Page MenuHomePhabricator

strange virtual pageview jump on 2019-04-16-03
Closed, ResolvedPublic

Description

Take a look at this jump on virtual pageviews that looks quite anomalous:

https://grafana.wikimedia.org/d/000000018/eventlogging-schema?orgId=1&from=1555291024765&to=1555463824765&var-schema=VirtualPageView

Pinging @Jdlrobson and @phuedx to see if they know why this might be

Event Timeline

Nuria created this task.Apr 17 2019, 1:18 AM
Restricted Application added a subscriber: Aklapper. · View Herald TranscriptApr 17 2019, 1:18 AM

This smells like bot activity....

From the SAL:

15:21 otto@deploy1001: scap-helm eventgate-analytics finished
15:21 otto@deploy1001: scap-helm eventgate-analytics cluster staging completed
15:20 otto@deploy1001: scap-helm eventgate-analytics upgrade staging --version 0.0.28 -f eventgate-analytics-staging-values.yaml --reset-values stable/eventgate-analytics [namespace: eventgate-analytics, clusters: staging]
15:19 otto@deploy1001: scap-helm eventgate-analytics finished
15:19 otto@deploy1001: scap-helm eventgate-analytics cluster staging completed
15:19 otto@deploy1001: scap-helm eventgate-analytics upgrade staging -f eventgate-analytics-staging-values.yaml --reset-values stable/eventgate-analytics [namespace: eventgate-analytics, clusters: staging]
15:18 otto@deploy1001: scap-helm eventgate-analytics finished
15:18 otto@deploy1001: scap-helm eventgate-analytics cluster staging completed
15:18 otto@deploy1001: scap-helm eventgate-analytics upgrade staging -f eventgate-analytics-staging-values.yaml --reset-values stable/eventgate-analytics [namespace: eventgate-analytics, clusters: staging]
15:16 elukey: roll restart kafka on kafka-jumbo100[1-6] to pick up openjdk upgrades

I don't see how a rolling restart of Kafka or a deployment of EventGate could've impacted the EventLogging pipeline. There weren't any deployments to the Wikipedias nearby the spike either.

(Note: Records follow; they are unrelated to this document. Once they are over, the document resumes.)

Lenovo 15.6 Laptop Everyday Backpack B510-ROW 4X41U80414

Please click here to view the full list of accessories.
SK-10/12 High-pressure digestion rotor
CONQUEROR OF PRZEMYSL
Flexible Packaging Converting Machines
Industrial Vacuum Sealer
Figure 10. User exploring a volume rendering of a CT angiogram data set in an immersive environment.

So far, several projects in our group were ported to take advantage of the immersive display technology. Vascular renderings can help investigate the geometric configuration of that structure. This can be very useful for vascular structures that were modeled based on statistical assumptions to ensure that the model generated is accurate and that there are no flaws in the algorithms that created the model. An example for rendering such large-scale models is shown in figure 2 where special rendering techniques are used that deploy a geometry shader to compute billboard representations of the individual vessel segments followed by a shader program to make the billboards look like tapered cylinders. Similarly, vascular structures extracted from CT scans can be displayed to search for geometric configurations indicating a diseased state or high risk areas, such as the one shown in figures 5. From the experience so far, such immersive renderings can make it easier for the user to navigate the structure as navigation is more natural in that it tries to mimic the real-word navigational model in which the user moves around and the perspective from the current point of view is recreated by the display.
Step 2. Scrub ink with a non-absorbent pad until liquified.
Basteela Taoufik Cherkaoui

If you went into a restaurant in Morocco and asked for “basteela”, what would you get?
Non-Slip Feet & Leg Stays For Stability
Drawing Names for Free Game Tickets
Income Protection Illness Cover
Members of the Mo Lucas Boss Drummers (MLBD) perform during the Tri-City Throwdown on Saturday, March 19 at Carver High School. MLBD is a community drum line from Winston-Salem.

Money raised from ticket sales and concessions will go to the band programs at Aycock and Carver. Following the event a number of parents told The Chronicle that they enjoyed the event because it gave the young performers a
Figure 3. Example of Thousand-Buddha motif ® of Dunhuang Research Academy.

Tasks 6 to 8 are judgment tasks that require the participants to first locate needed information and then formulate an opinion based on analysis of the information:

Nuria added a comment.Apr 17 2019, 3:18 PM

Eventgate and eventlogging (despite name) share no infrastructure so those two events are unrelated. I wonder whether the rolling restart made the metric artificially spikey?

@elukey, Nuria is right here, yes? If eventlogging-processors were stuck for a bit, then the per schema topics will jump up when raw client side event processing is reenabled.

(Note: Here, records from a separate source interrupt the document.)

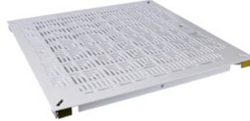
56% Triad Chamfer ICE™ airflow panel

3-Year Standard Panel Warranty: Haworth TecCrete panel offers the industry's longest standard warranty on the structure of the access floor panel.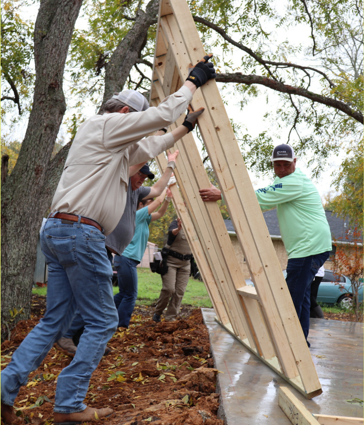
Raising the walls of the Ragston home in Brenham on Dec. 3, 2022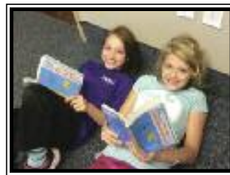
Reading Tales of a Fourth Grade Nothing and completing activities.

We have been busy in fourth grade this year. We began with our annual tradition of celebrating All Saints Day. Each student chose a saint special to them, researched that individual, and created a costume to represent him/her. The stu-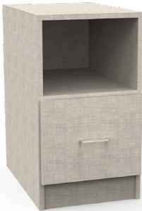
CB9203-AL Shown in Premium finish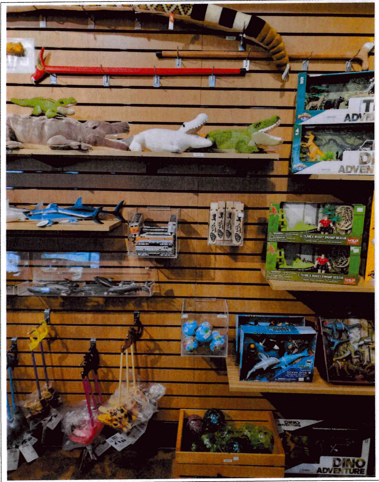
Exhibit A (Picture 1)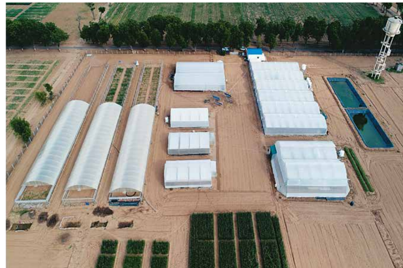
Figure 5. Precision farming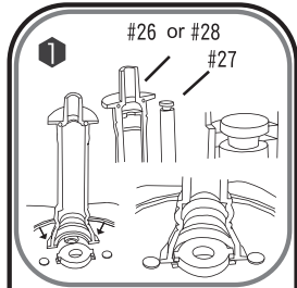
Slide one pillar piece #26, or #28, into the base. Hang central pole # 27 in proper position with the pillar and then cover with another pillar piece.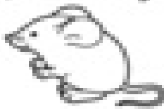
with a mouse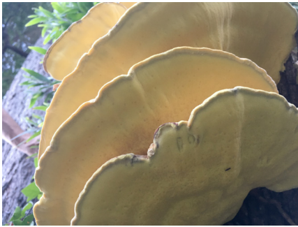
Laetiporus gilbertsonii Chicken of the Woods Oakland, CA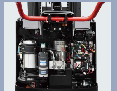
Back cover can be opened fully, and all components and parts are clear at a glance, which is very convenient for maintenance of the entire machine

@elukey, Nuria is right here, yes? If eventlogging-processors were stuck for a bit, then the per schema topics will jump up when raw client side event processing is reenabled.

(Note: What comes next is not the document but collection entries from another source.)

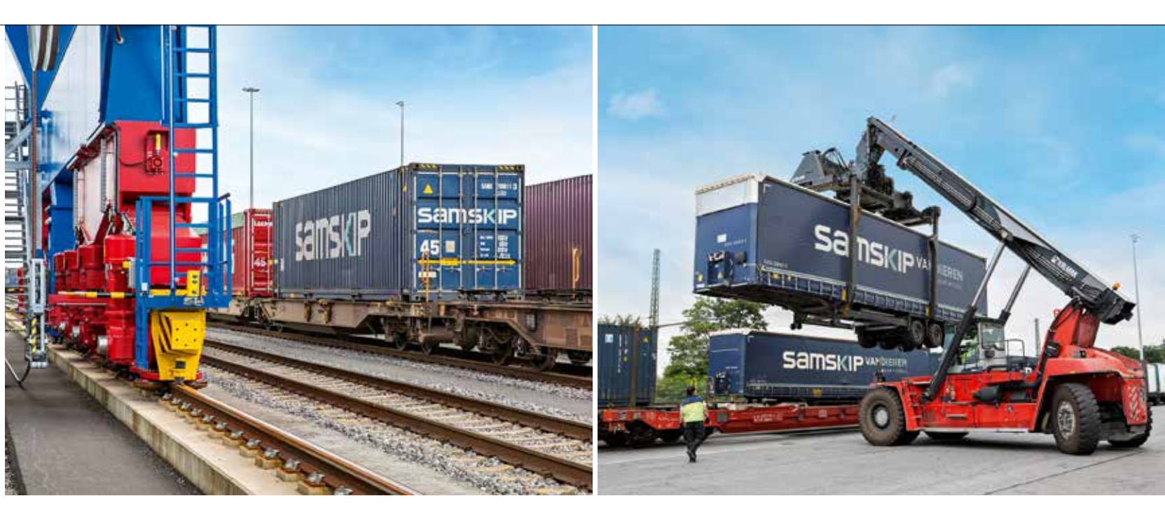
The logistics services from Samskip cover the entire range of transport modes – from short-haul and road activities to rail and inland waterway services. According to the company, it moves around 800,000 containers a year.

vice together with long-standing feeder partners and vessels carrying between 900 and 1,700 TEU. Via Riga, Klaipėda and St. Petersburg, they deliver the goods for the entire Baltic Sea economic region, which are then transported on to Moscow or Central Asia using the desired mode of transport. Samskip has its own branch offices in the destination ports and countries referred to, which then implement the corresponding transport solutions. The company also has its own fleet of trucks in the Latvian capital of Riga, which covers the Baltic region.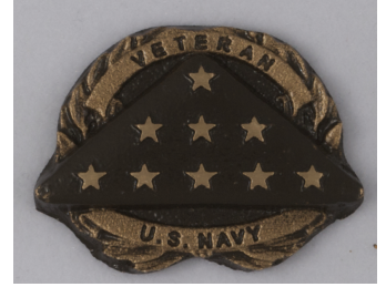
Small Medallion Dimensions: 2" W, 1 1/2" H, 1/3" D

WHO IS ELIGIBLE - Any deceased Veteran discharged under honorable conditions, who served in the Armed Forces on or after April 6, 1917, and is buried in a private cemetery in a grave marked with a privately purchased headstone or marker. Any Servicemember of the Armed Forces of the United States who served on or after April 6, 1917, and died on active duty and is buried in a private cemetery in a grave marked with a privately purchased headstone or marker. Service after September 7, 1980, must be for a minimum of 24 months continuous active duty or be completed under special circumstances, e.g., death on active duty. Persons who have only limited active duty service for training while in the National Guard or Reserves are not eligible unless there are special circumstances, e.g., death while on active duty, or as a result of training. Reservists and National Guard members who, at time of death, were entitled to retired pay, or would have been entitled, but for being under the age of 60, are eligible; please submit a copy of the Reserve Retirement Eligibility Benefits Letter with the claim. Reservists called to active duty other than training and National Guard members who are Federalized and who serve for the period called are eligible.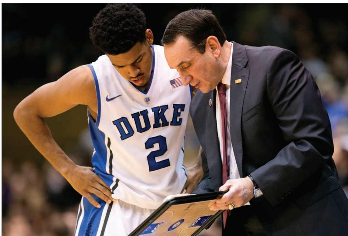
Coach K during a Duke victory at Furman in 2014

reasons, but all of them had mothers. I always looked at the relationship the young man had with his mom.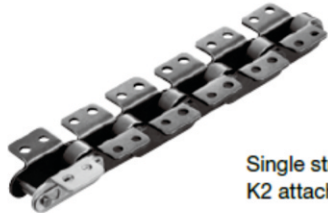
Single strand with K2 attachment every link

A K attachment has a bent link plate that extends out on both sides of the chain. The attachment comes with one or two bolt holes and is designated as K1 or K2, respectively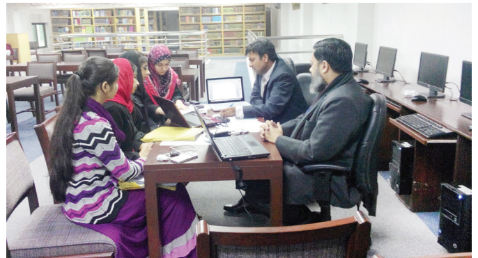
Research supervisory session for 23 research projects of Physical Therapy at TUF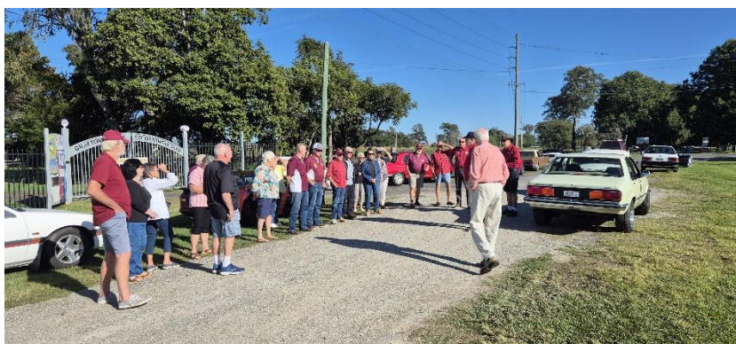
Group briefing from El Presidente before hitting the road!

I think so yes, timing are the ones related to my roll restart of Jumbo..

There's a spike in VirtualPageview events today (see https://grafana.wikimedia.org/d/000000018/eventlogging-schema?orgId=1&from=1555459200000&to=1555516800000&var-schema=VirtualPageView) which appears to correspond to today's updates to the cluster. Further confirmation?

Ottomata added a comment.EditedApr 17 2019, 5:24 PM

VirtualPageview counts in Hive should be normal, its only Kafka messages that should have delayed messages causing a later jump. If you see the same jump in Hive, then this is related to something other than maintenance.

Nuria added a comment.Apr 17 2019, 7:32 PM

Ok, will close ticket cause it seems pretty well stablished that this is related to consumers consuming at a higher rate after a restart.

Nuria closed this task as Resolved.Apr 17 2019, 7:32 PM

I've been noodling on proposing that @Stashbot and/or scap create annotations in Grafana. I think such annotations would've been useful here.

Also! Thanks, everyone!